OPENAI_API_KEY=your-api-key

Instantiate the model

import { ChatOpenAI } from "@langchain/openai";

const model = new ChatOpenAI({
model: "gpt-4o-mini",
temperature: 0
});

Message passing

The simplest form of memory is simply passing chat history messages into a chain. Here’s an example:

import { HumanMessage, AIMessage } from "@langchain/core/messages";
import {
ChatPromptTemplate,
MessagesPlaceholder,
} from "@langchain/core/prompts";

const prompt = ChatPromptTemplate.fromMessages([
[
"system",
"You are a helpful assistant.
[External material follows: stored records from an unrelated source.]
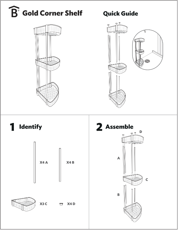 Showcasing golden stainless-steel accents, our Gold Corner Shelf will help you organize your personal hygiene products more efficiently and in style! With an elegant and space-saving design, this bathroom solution will transform your shower into a tidy and sophisticated sanctuary.
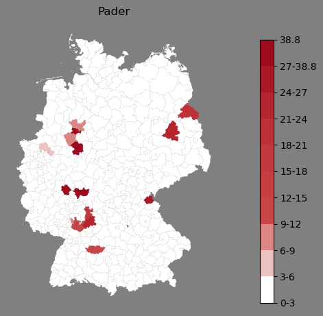 Relative Verteilung des Namens Pader (1996)Direkt zur Karte Die Farbskala zeigt die Anzahl von "Pader" bezogen auf je 1 Million Einträge. |
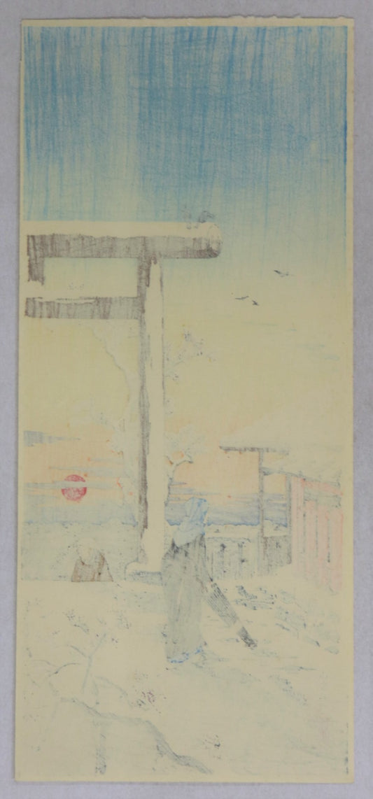 Sunset at Yushima Tenjin shrine in snow by Takahashi Hiroaki / Le coucher du soleil au sanctuaire Tenjin à Yushima sous la neige par Takahashi Hiroaki (1920's)
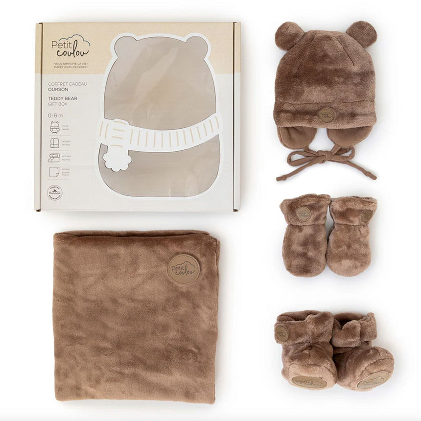 Teddy bear gift box for baby (4 accessories) - Moka 0-6M
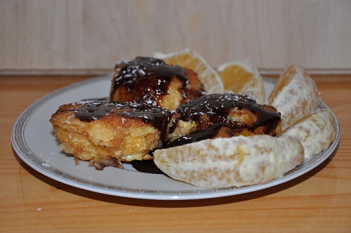 Mikołajki to słodki czas czekolady i pomarańczy. Jeśli do tego masz pod ręką puszkę brzoskwiń, wiórki kokosowe i cynamon, możesz wyczarować sobie i bliskim smakowity deser za znakomity ma jesienno-zimowy podwieczorek. Smacznego! :-)
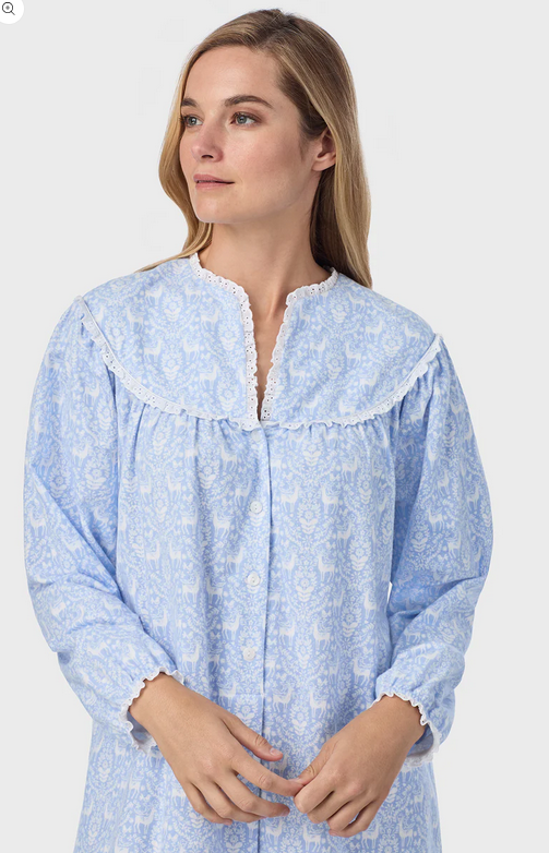 Lanz of Salzburg Women's Blue Nordic Tyrolean Flannel Gown

Answer all questions to the best of your ability.",
],
new MessagesPlaceholder("messages"),
]);

const chain = prompt.pipe(llm);

await chain.invoke({
messages: [
new HumanMessage(
"Translate this sentence from English to French: I love programming."
),
new AIMessage("J'adore la programmation."),
new HumanMessage("What did you just say?"),
],
});
AIMessage {
"id": "chatcmpl-ABSxUXVIBitFRBh9MpasB5jeEHfCA",
"content": "I said \"J'adore la programmation,\" which means \"I love programming\" in French.",
"additional_kwargs": {},
"response_metadata": {
"tokenUsage": {
"completionTokens": 18,
"promptTokens": 58,
"totalTokens": 76
},
"finish_reason": "stop",
"system_fingerprint": "fp_e375328146"
},
"tool_calls": [],
"invalid_tool_calls": [],
"usage_metadata": {
"input_tokens": 58,
"output_tokens": 18,
"total_tokens": 76
}
}

We can see that by passing the previous conversation into a chain, it can use it as context to answer questions. This is the basic concept underpinning chatbot memory - the rest of the guide will demonstrate convenient techniques for passing or reformatting messages.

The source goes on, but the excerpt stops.